A List of Cages(2)



Closest to me is Kristin, a girl who looks a little bit like a goldfish with her orange hair and bulging eyes. She sends me a bruising glare, and I feel like I’m wearing a defective invisibility cloak—a device that works perfectly until I do something stupid.

I met Kristin at the beginning of school this year. In first period, she tapped my shoulder and asked if I was reading an Elian Mariner book. I nodded, wary, because no one ever starts conversations with me. But when she asked what it was about, my words just spilled out. Yes, it was an Elian Mariner book, probably my favorite in the entire series. Kristin kept nodding and asking questions, and she said her sister loved those books. Then she added, “My sister’s seven.”

When everyone around us started laughing, I hid the book in my backpack. It wasn’t until my next class that I noticed it was missing. Then in sixth period, I was returning from sharpening my pencil, and there it was, sitting on my chair.

I opened it to find that every illustration had been desecrated with black Sharpie. Drawings of penises were jutting up from Elian’s pants, and floating penises were pointed at his mouth. Eyes stinging, I looked up to find the entire class watching me. I caught Kristin’s fish eyes in the crowd, then she fell headfirst into her desk, shaking with laughter.

“Julian!” Miss Carlisle calls out now. “Move.”

I quickly drag my desk to join the girls.

“So, Violet, Jen,” Kristin says, “should we split things up?”

I pretend not to notice that she’s excluding me and open my textbook.

“Okay,” Violet answers. “Julian, did you want to—”

“I want a good grade on this,” Kristin interrupts her. “Let’s just divide it between us.”

Violet doesn’t answer, and I keep pretending I can’t hear.


After the final bell, it looks like someone kicked over a beehive. Kids are swarming and flying in a thousand different directions. There’s a sudden explosion of noise—talking and cell phones beeping. But I stand frozen at the top of the steps just outside the school.

My father is leaning against a tall tree across the street.

When I was little, my mother was usually the one who picked me up, but every now and then Dad would get off early and surprise me. Instead of joining the pickup line of cars, he’d meet me on foot. His hands were always blotted with ink, like a child’s after finger painting, and he’d say, It’s too nice a day not to walk. He’d say that even if it was raining.

But of course the man across the street isn’t actually my father. It’s just some trick of the sunlight filtering through the branches on a jogger who stopped to catch his breath.

I stand here, heavy now.

So heavy that the tall steps become a mountain to climb down. So heavy that it takes a while to summon the energy to start the long walk home.

Ten blocks from school, I start to shiver. Autumn is here, but it seems too soon.
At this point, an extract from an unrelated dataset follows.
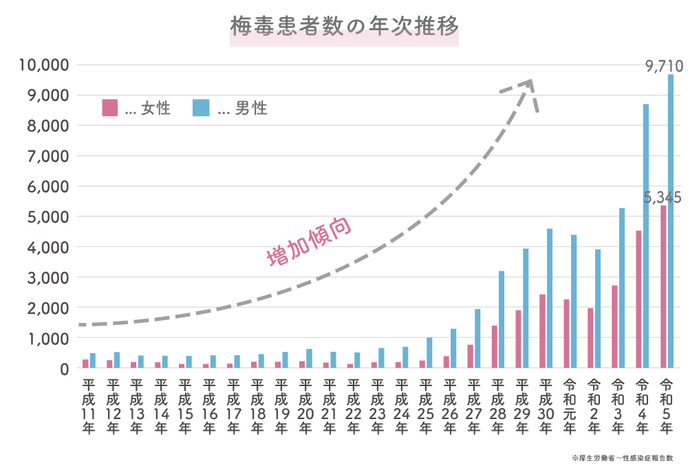 急増する梅毒~梅毒とは?みうら泌尿器科クリニック。

Almost like I skipped over the last three months because there are certain things that are supposed to happen every summer.

I’m supposed to go to the beach with my parents. We’re supposed to see fireworks and buy sparklers and find seashells. I’m supposed to stay up late and sit on the front porch eating popsicles while my mother plays the guitar and my father draws. Then as he’s tucking me into bed, he’s supposed to ask, How many stars?

On a great day I’m supposed to say nine or ten. But if it was amazing, the best day I ever had, I’m supposed to cheat and say something like ten thousand stars.

But we didn’t get to see fireworks or eat popsicles or do any summer things, and I have this ache inside, like how you might feel if you slept through Christmas.


The same heaviness I felt after school reappears the minute I walk inside the empty house. Every inch of it is dark, glossy, and neat. Every piece of furniture is strategic. Every color is coordinated by someone trained to do it. It’s exactly the sort of house I thought I wanted…until I got it.

I enter my room with its polished wood floors, desert-brown walls, and heavy furniture. My eyes are pulled to the only thing out of place—the big steel trunk at the foot of the bed. My parents got it for me to take to camp the summer I turned nine. They told me I was brave to go off on my own, but I got so homesick I couldn’t even make it through the first night.

I drop my backpack to the floor and lift the trunk’s heavy lid. My heart squeezes as I look down at all the things I love: photo albums and Elian Mariner books and my mother’s green spiral notebook. I leave that untouched for today and fish around for my own notebook. I flip a few pages, then pick up where I left off.

It’s hours later when I drop my pen at the sound of a car pulling into the garage. It’s after eight o’clock, but sometimes my uncle gets home even later. And sometimes, if he has to go meet with clients in other cities, he doesn’t come home at all.

I watch my bedroom door, the way the light from the hall shines around the perimeter like an entryway to another dimension. I listen for the sound of him climbing the stairs to his office, because even when he’s home, he’s usually working.

Instead, I see a shadow fall beneath my door.

I close my eyes, but I can’t teleport, and I can’t disappear.


My uncle Russell once told me he used to be so tall and willowy that when his high school theater put on A Christmas Carol, he was asked to play the grim reaper. I’ve tried to picture it, but it’s hard to imagine he was ever frail.